Negli ultimi mesi, l’attenzione internazionale si è molte volte concentrata sui conflitti più evidenti in altre parti del mondo, lasciando in ombra una delle crisi umanitarie più antiche e drammatiche del continente africano: la guerra in Sudan su tutte.
Mentre si apre il nuovo fronte sui Monti Nuba, il bilancio delle vittime è triplicato: sarebbero almeno 450 mila, secondo fonti sudanesi. Un numero di morti triplicato in pochi mesi, come purtroppo temevano e avevamo drammaticamente anticipato.
Dopo i massacri nel nord del Darfur, le Forze di supporto rapido si sono spinte nella regione simbolo di resistenza e di fede, il Kordofab. In particolare i Monti Nuba, che hanno visto sconvolgere il fragile equilibrio di pace che durava da tempo.
Fino a pochi giorni fa, sembravano un’isola di sobrietà rispetto alla violenza dilagante del resto del Sudan, dove le fazioni principali — le Forze di Supporto Rapido (RSF) e le milizie governative — combattevano altrove, lasciando questa regione in una sorta di limbo di quiete apparente. Le strade erano sgombre, i soldati assenti: una pace apparente che aveva permesso alla popolazione di vivere tra enormi difficoltà, certo, ma senza il terrore quotidiano di scontri armati o di bombardamenti indiscriminati.
Tutto cambierà, purtroppo, con l’attacco improvviso, come un fulmine a ciel sereno, ai civili nei Monti Nuba. La notizia di un drone che ha colpito una clinica civile vicino a una scuola, provocando oltre 50 morti, tra cui molti studenti e giovani in formazione sanitaria, segna un salto di qualità nel conflitto. Un attacco che non risparmia bambini e civili innocenti, che si trovavano in un’area non militare, ma semplicemente nel loro quotidiano.
Un drono “kamikaze” che esplode a pochi metri da terra, senza preavviso, con un impatto devastante e senza grande cratere, come testimoniano madre Kizito e altri operators sul campo. Questa modalità di attacco segna l’ingresso di una violenza più sofisticata e silenziosa, e se il rischio di escalation rimane alto, la comunità internazionale deve fare di tutto per bloccare questa deriva che rischia di trasformare la regione in un inferno senza ritorno.
Il forte legame dei Nuba con la propria fede, la loro storia di resistenza e di solidarietà rappresentano un esempio vivo di resilienza. Nonostante decenni di guerre e di oppressione, la loro determinazione a restare, a mantenere viva la propria cultura e le proprie tradizioni, emerge forte nel lavoro instancabile di figure come padre Kizito e il medico Tom Catena, che hanno costruito e continuano a sostenere strutture di assistenza sanitaria fondamentali per la regione.

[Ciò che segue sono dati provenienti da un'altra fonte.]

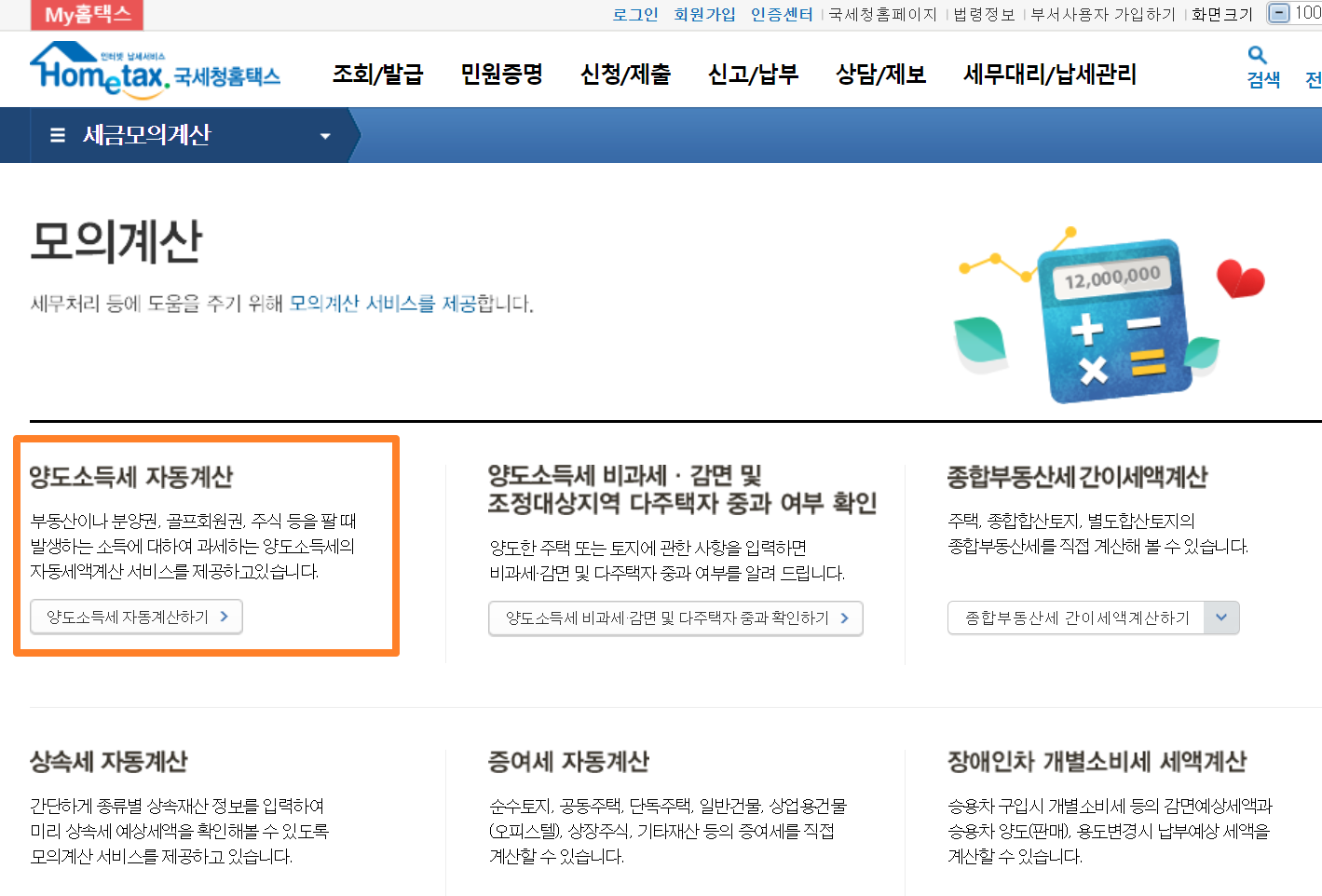 양도소득세는 국세청 홈택스 홈페이지에서 계산기로 계산이 가능합니다. 아래 버튼대로 이동시 양도소득세 자동계산기를 확인해볼 수 있습니다.

L’attacco di questi giorni e l’intensificarsi dei conflitti devono svegliare la coscienza globale. La guerra nei Monti Nuba non è una guerra dimenticata solo per mancanza di interesse, ma perché le sue ferite si sono troppo spesso accumulate sotto la superficie dell’indifferenza internazionale. È urgente che la comunità mondiale smetta di girarsi dall’altra parte: la pace, la giustizia e la dignità di questa popolazione devono tornare al centro dell’attenzione, prima che tutto sia perduto.

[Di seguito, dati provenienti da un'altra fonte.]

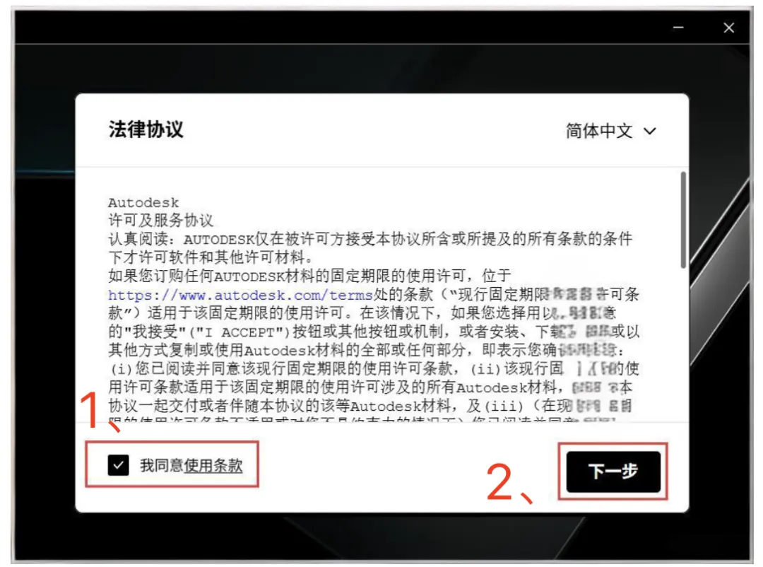 4、同意许可协议: 在安装界面中,勾选:我同意使用条款,然后点击:下一步。

In un mondo che corre veloce, non possiamo permetterci di perdere questa battaglia per i Monti Nuba. La loro storia di fede, di resistenza e di speranza è un monito per tutti: l’indifferenza è complicità, e il silenzio di fronte alla violenza è una vittoria per gli oppressori. È tempo di fare sentire la voce di chi non ha voce, di agire concretamente per proteggere questa comunità e per cercare una soluzione giusta e duratura.
Il futuro dei Monti Nuba, e con esso la compattezza della pace in Sudan, dipende anche da noi. Non lasciamo che questa guerra, così silenziosa ma così sanguinosa, diventiamo un’altra pagina dimenticata nel grande libro delle crisi globali.